Heavy shelling into Lebanon was taking place along the boundary in the area north of Kiryat Shmona, in an area where Israeli armour and infantry advanced into Lebanon during the 2006 war. Airstrikes continued in Beirut and in at least 10 locations across the south of the country, according to Lebanon’s state news agency.
The Israeli military declared areas of Metula, Misgav Am and Kfar Giladi in northern Israel a closed military zone.
The US president, Joe Biden, said earlier he was aware of Israel’s plans to launch an operation into Lebanon as he urged against such a move. “I’m more aware than you might know and I’m comfortable with them stopping,” he told reporters at the White House when asked if he was comfortable with Israeli plans for a cross-border incursion. “We should have a ceasefire now.”
The towns of Marjayoun, Wazzani and Khiam – which sit in a series of interlocking valleys overlooked by steep slopes – were being shelled on Monday night.
One resident in Marjayoun said that a local official had received a phone call ordering residents to evacuate but shelling had started before people could leave the town. “They called the mukhtar of Marjayoun, and told us we needed to evacuate. But we can’t move, the roads are filled with shelling and airstrikes,” the resident said.
An hour later, the road leading out of Marjayoun was hit by an Israeli airstrike and rendered inoperable, Lebanon’s National News Agency reported.
The area, with its scattered villages, and scrubby landscape hiding bunkers and combat tunnels, has long been a base for Hezbollah fighters and was heavily fought over during the last war between Israel and Hezbollah 18 years ago.
Hezbollah said in a statement that it had targeted a group of Israeli soldiers who were in the “orchard” near the Lebanese border towns of Odaisseh and Kafr Kila, “achieving confirmed casualties”. Kafr Kila is one of the towns that borders the area that Israel declared a closed military zone on Monday.
Meanwhile, the Lebanese army said it was “repositioning and regrouping forces” amid reports it had withdrawn three miles from the country’s southern border.

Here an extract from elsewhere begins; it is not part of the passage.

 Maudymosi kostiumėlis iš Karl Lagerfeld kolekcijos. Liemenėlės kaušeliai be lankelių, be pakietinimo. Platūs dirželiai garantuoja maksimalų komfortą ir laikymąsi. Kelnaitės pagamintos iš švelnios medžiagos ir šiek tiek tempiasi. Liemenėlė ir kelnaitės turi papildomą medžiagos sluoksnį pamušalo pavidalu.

Lebanon’s army has historically stayed on the sidelines of major conflicts with Israel, and in the past year of hostilities has not fired on the Israeli military.

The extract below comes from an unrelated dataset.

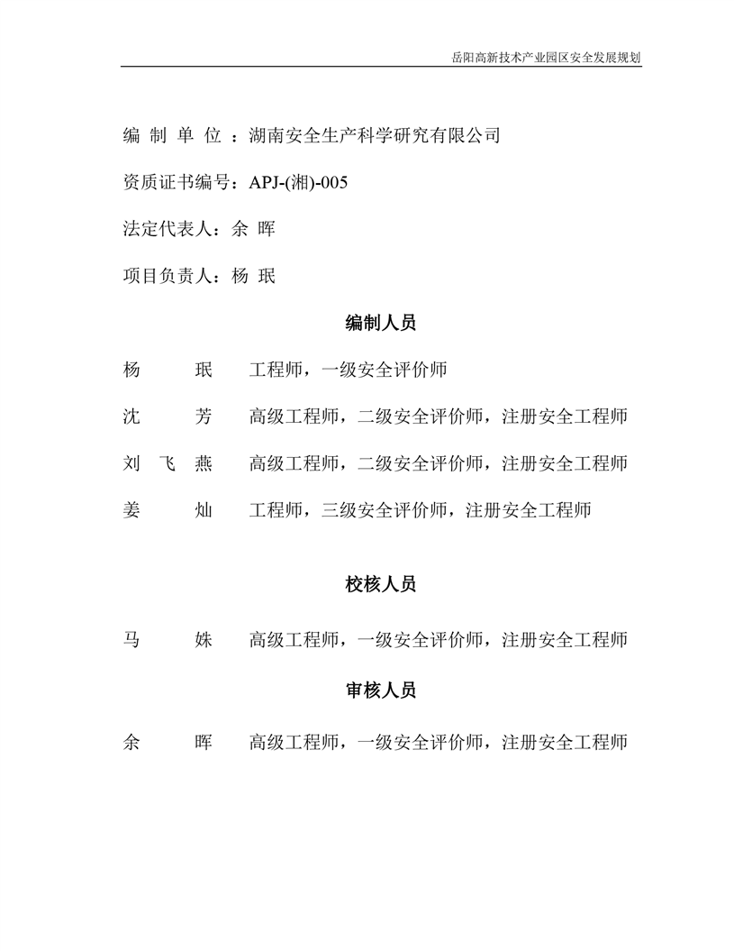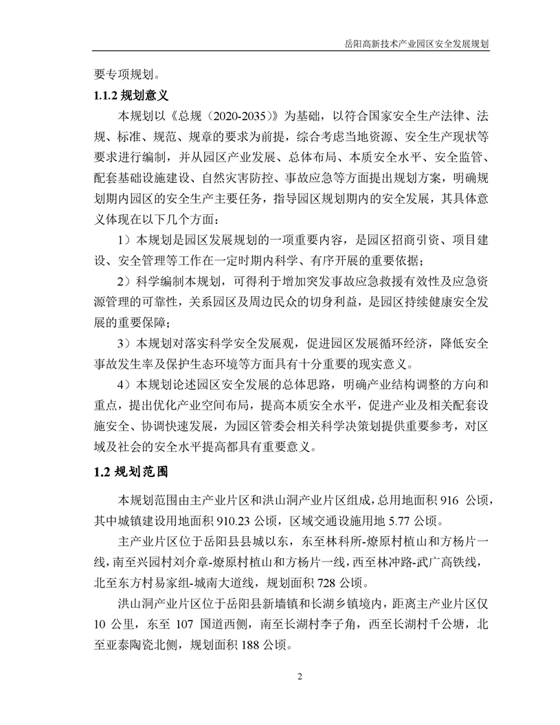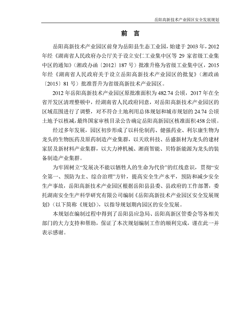 岳阳高新技术产业园区安全发展规划

On Tuesday, reports emerged of US concern about Israel’s exit strategy in the wake of the ground operations. Jacob Magid, the Times of Israel US bureau chief, reported concern from the White House that the “IDF will get bogged down in the country or be drawn to expand the mission once it’s already in motion.”
Magid reports that a US official pointed to Israel’s 1982 invasion of Lebanon which was characterised as a “limited incursion, but it turned into an 18-year occupation of southern Lebanon”.
Alon Pinkas, a former Israeli diplomat and critic of Benjamin Netanyahu, warned that any ground incursion could lead to the kind of deadly mission creep that had characterised the previous operations of 1982 – which helped spark the creation of Hezbollah and led to a 15-year Israeli occupation of southern Lebanon – and 2006.
Lebanon’s health ministry said on Sunday that more than 1,000 Lebanese have been killed and 6,000 wounded in the past two weeks, without saying how many were civilians. The government said 1 million people – a fifth of the population – have fled their homes.